Advertisement

27m people face hunger in Horn of Africa

Saturday September 07 2019
food

World Food Programme workers offload humanitarian aid parcels to be distributed to South Sudanese refugees. Climate change, conflict and economic instability have left 27 million people facing acute food shortage in the Horn of Africa. PHOTO | FILE | NATION MEDIA GROUP

By FRED OLUOCH

Climate change, conflict and economic instability have left 27 million people facing acute food shortage in the Horn of Africa.

A further 20 million risk falling into this category if humanitarian assistance is not mobilised in the next few months, Inter-Governmental Authority on Development (Igad) warned in submissions it made at its annual disaster Resilience Share Fair meeting in Nairobi last week.

Just like in 2018, the 2019 below-average rains, conflict and economic crisis continue to drive food insecurity in the region, with Ethiopia, Sudan and South Sudan expected to remain among countries facing severe food crisis in the world.

Compared with last year, updated projections for 2019 as of July indicated that food insecurity levels will likely be higher in South Sudan and Sudan, remain stable in Ethiopia and Uganda, and be lower in Kenya and Somalia.

Delegates at the Igad meeting called for cross-border co-operation for the movement of food from the food-abundance regions to scarcity areas. The German development agency GIZ, has already offered $6 million for mitigation.

The Resilience Share Fair is meant to disseminate resilience good practices and lessons learnt from the Igad region to increase knowledge on better preparedness and response to drought and other shocks affecting communities in the region.

Advertisement

Mahboub Maalim, Igad executive secretary said the region is getting hotter and drier and all the countries must work on building regional and cross-border resilience measures.

The worst-affected countries in 2018 in terms of acute food insecurity were Ethiopia (8.1 million), Sudan (6.2 million) and South Sudan (6.1 million).

In South Sudan, 59 per cent of the population, or six out of 10 people required urgent assistance to protect livelihoods, reduce food consumption gaps and malnutrition.

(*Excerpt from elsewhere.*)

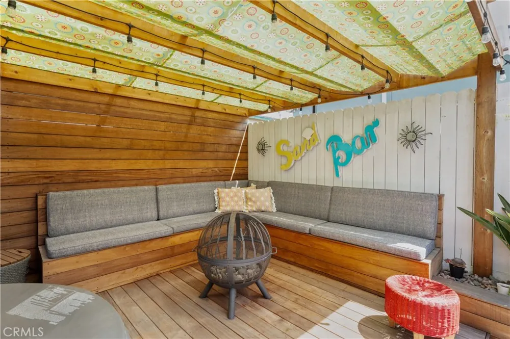 Sunny Golden Hills single-family with beachy vibes and a resort-style backyard. This light-filled mid-century modern features an open flow for easy entertaining, with beamed ceilings, a striking rock fireplace, and hardwood floors throughout. The upgraded kitchen opens to the dining and living areas, keeping everyone connected. Three bedrooms and two baths include a spacious primary suite with modern updates, plus an updated hall bath. Step outside to your private retreat: an inviting dining patio, covered cabana with built-in seating wrapped around a cozy fire pit, and an above-ground spa—perfect for unwinding after a beach day or hosting friends. A two-car garage adds convenience and storage. Moments to the sand, parks, coffee, and local favorites, this home delivers the best of South Bay living—bright, stylish, and move-in ready. Schedule your tour and feel the coastal energy for yourself.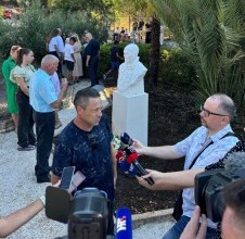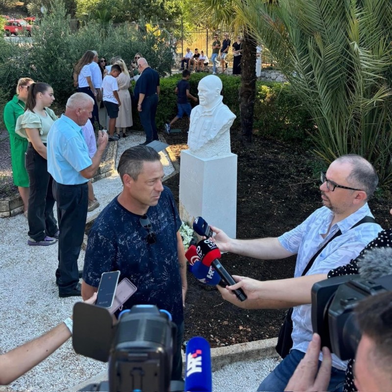 Kamena bista Gorana Komlenca još je jedna snažna i simbolična skulptura od bijelog bračkog kamena, koja zauvijek ostaje u prostoru kao podsjetnik na osobnu hrabrost i žrtvu u službi drugima.

In Somalia, more than one in five people (or 22 per cent of the population) were acutely food insecure.

Orey Sunya, director of technical services at the Kenya National Drought Management Authority said that vulnerability to climate change is a major threat to pastoralists giving the example of Kenya where 6 million pastoralists are food insecure and 600,000 are facing malnutrition. The pastoral system is characterised by high degree of mobility, guided by the need for access to grazing land and water without regard to state borders, and are mostly prone to conflict, animal disease and food insecurity.

However, none of the six East African Community partner states has signed African Union Convention on Cross-Border Co-operation, commonly known as the Niamey Convention.